··· EXERCISE DATA ···
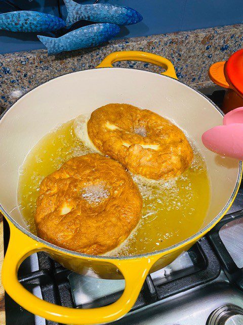 Heat Canola oil to 365 degrees and fry the doughnuts, flipping after 90 seconds. Don't crowd the doughnuts in the pot.
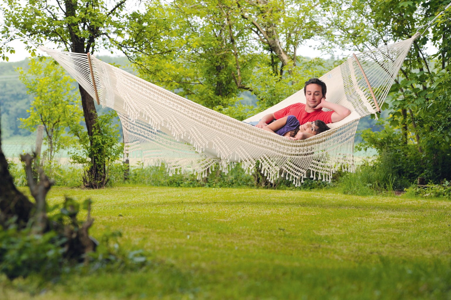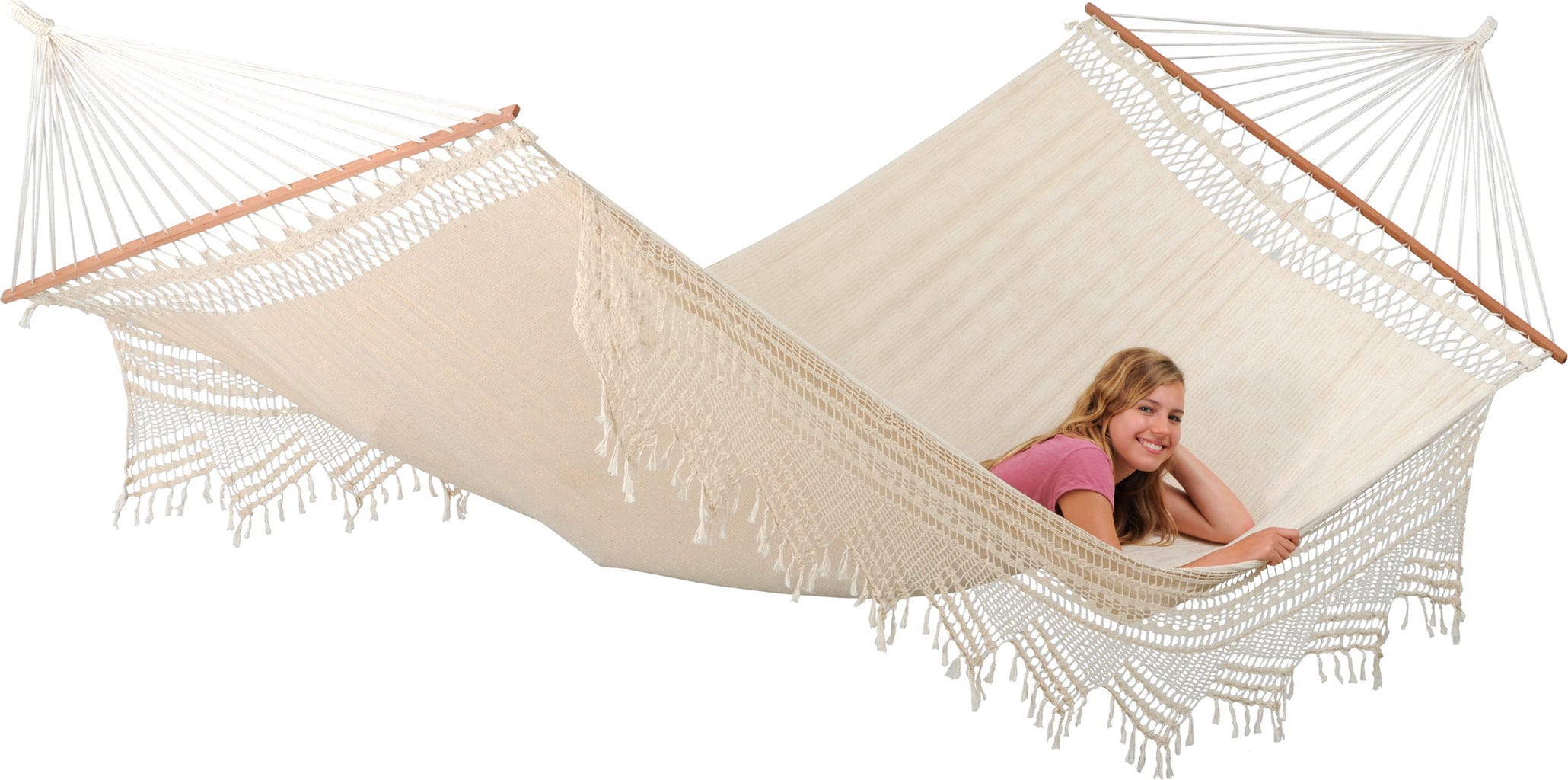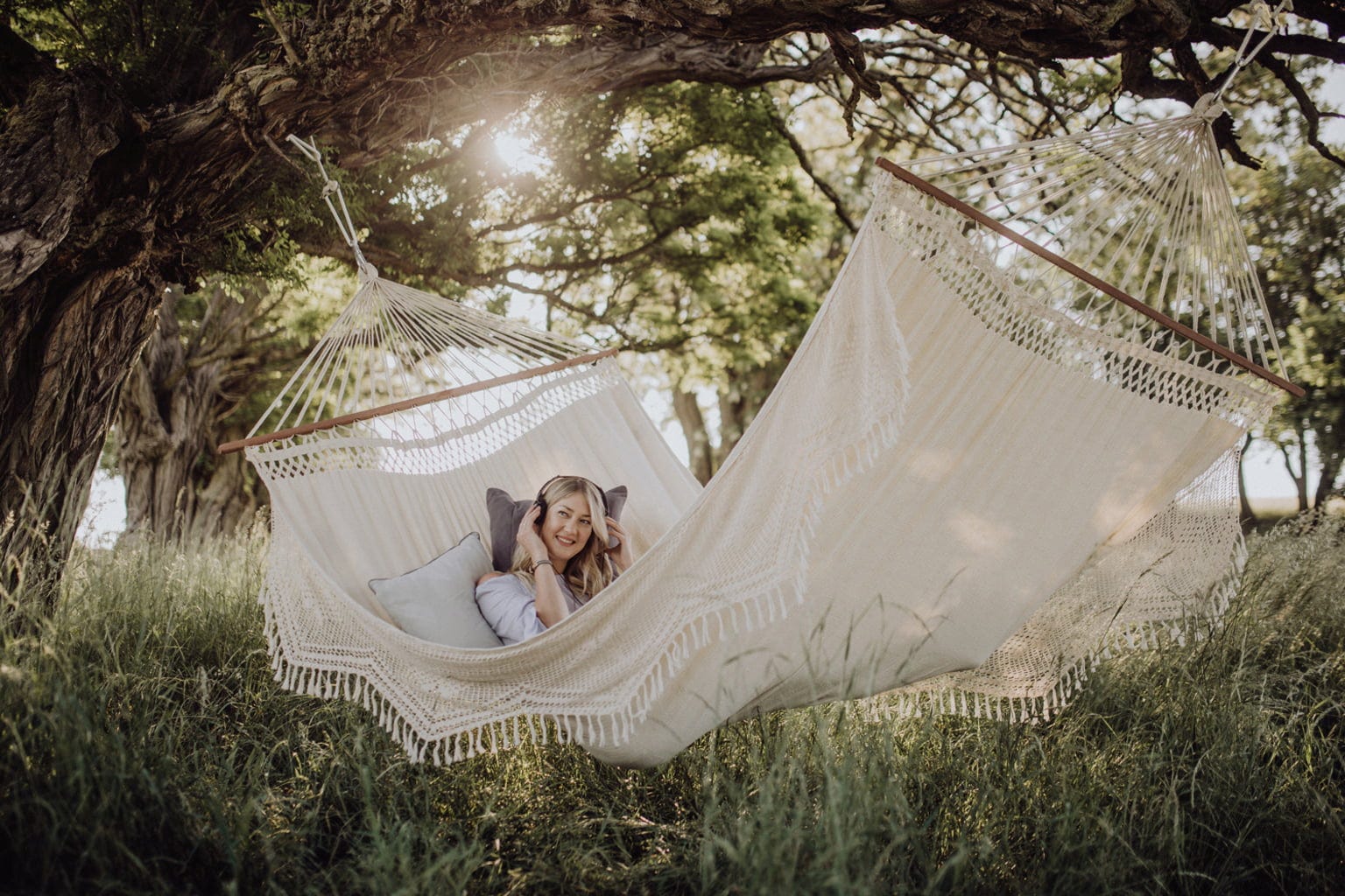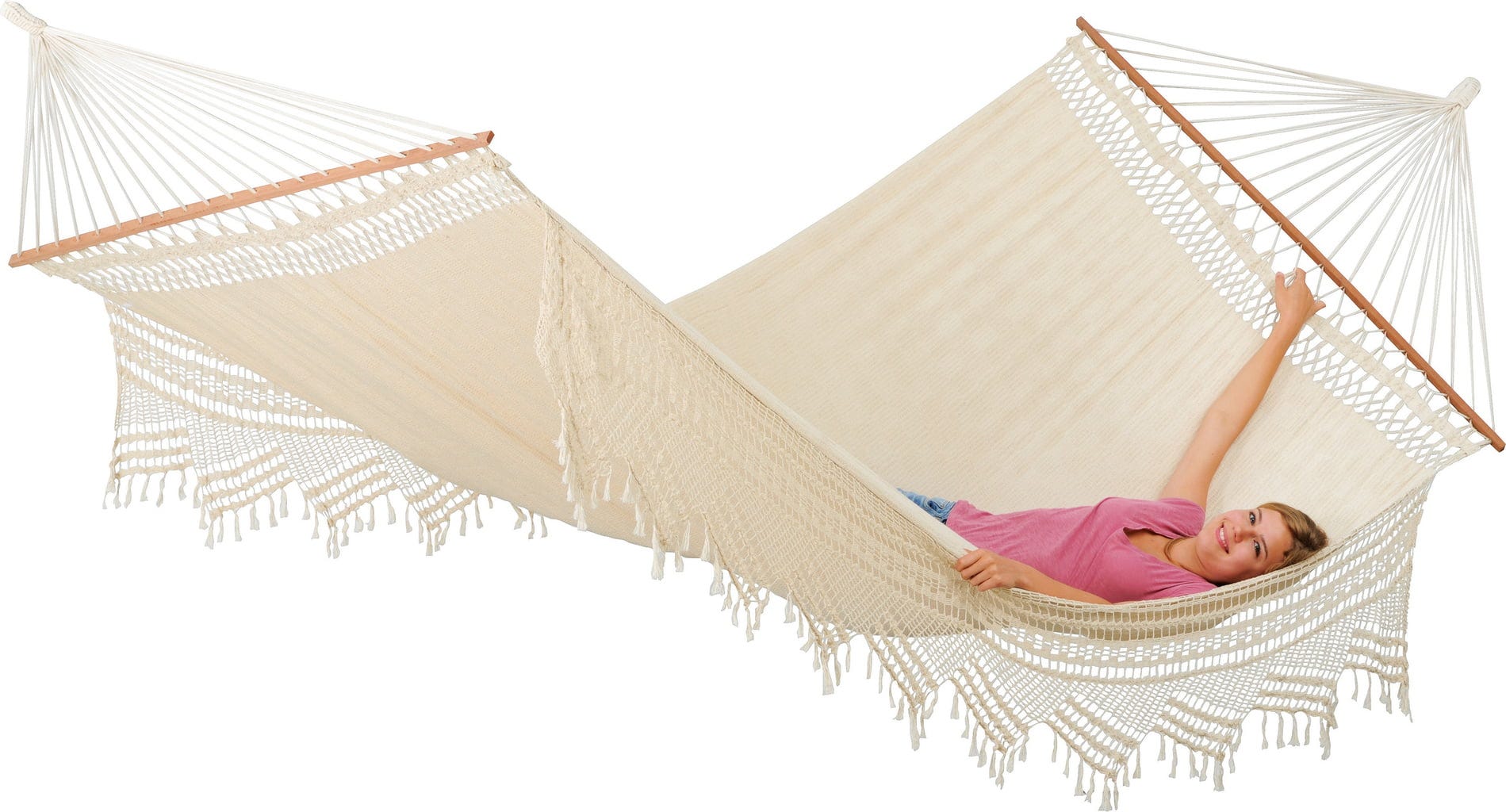 Nádherný, ručne viazaný ozdobný okraj a ďalšie ručné makramé medzi látkou hojdacej siete a drevenými tyčami dodávajú hojdacej sieti krásny dizajn, zatiaľ čo jedinečná žakárová technika tkania zaručuje mimoriadne vysokú úroveň pohodlia. Stabilitu hojdacej sieti dodávajú pevné rozperné tyče z tvrdého dreva, zatiaľ čo hrubé šnúry, ktoré boli ručne spojené tkaným pásom, vyrovnávajú všetky namáhané miesta.
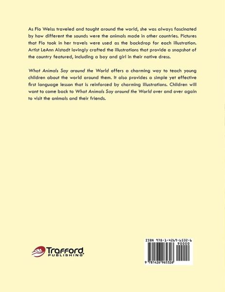 As Flo Weiss traveled and taught around the world, she was always fascinated by how different the sounds were the animals made in other countries. Pictures that Flo took in her travels were used as the backdrop for each illustration. Artist LeAnn Alstadt lovingly crafted the illustrations that provide a snapshot of the country featured, including a boy and girl in their native dress. What Animals Say around the World offers a charming way to teach young children about the world around them. It also provides a simple yet effective first language lesson that is reinforced by charming illustrations. Children will want to come back to What Animals Say around the World over and over again to visit the animals and their friends.
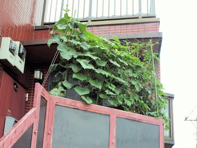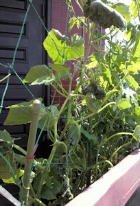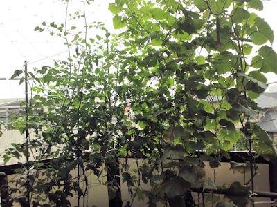 全ての苗が、余裕で背丈を超えてしまい、玄関脇はプチジャングルです。
···
EXERCISE BRIEF: Reprint the whole listing verbatim except for the pictures.

YOUR SOLUTION:
 Heat Canola oil to 365 degrees and fry the doughnuts, flipping after 90 seconds. Don't crowd the doughnuts in the pot.
 Nádherný, ručne viazaný ozdobný okraj a ďalšie ručné makramé medzi látkou hojdacej siete a drevenými tyčami dodávajú hojdacej sieti krásny dizajn, zatiaľ čo jedinečná žakárová technika tkania zaručuje mimoriadne vysokú úroveň pohodlia. Stabilitu hojdacej sieti dodávajú pevné rozperné tyče z tvrdého dreva, zatiaľ čo hrubé šnúry, ktoré boli ručne spojené tkaným pásom, vyrovnávajú všetky namáhané miesta.
 As Flo Weiss traveled and taught around the world, she was always fascinated by how different the sounds were the animals made in other countries. Pictures that Flo took in her travels were used as the backdrop for each illustration. Artist LeAnn Alstadt lovingly crafted the illustrations that provide a snapshot of the country featured, including a boy and girl in their native dress. What Animals Say around the World offers a charming way to teach young children about the world around them. It also provides a simple yet effective first language lesson that is reinforced by charming illustrations. Children will want to come back to What Animals Say around the World over and over again to visit the animals and their friends.
 全ての苗が、余裕で背丈を超えてしまい、玄関脇はプチジャングルです。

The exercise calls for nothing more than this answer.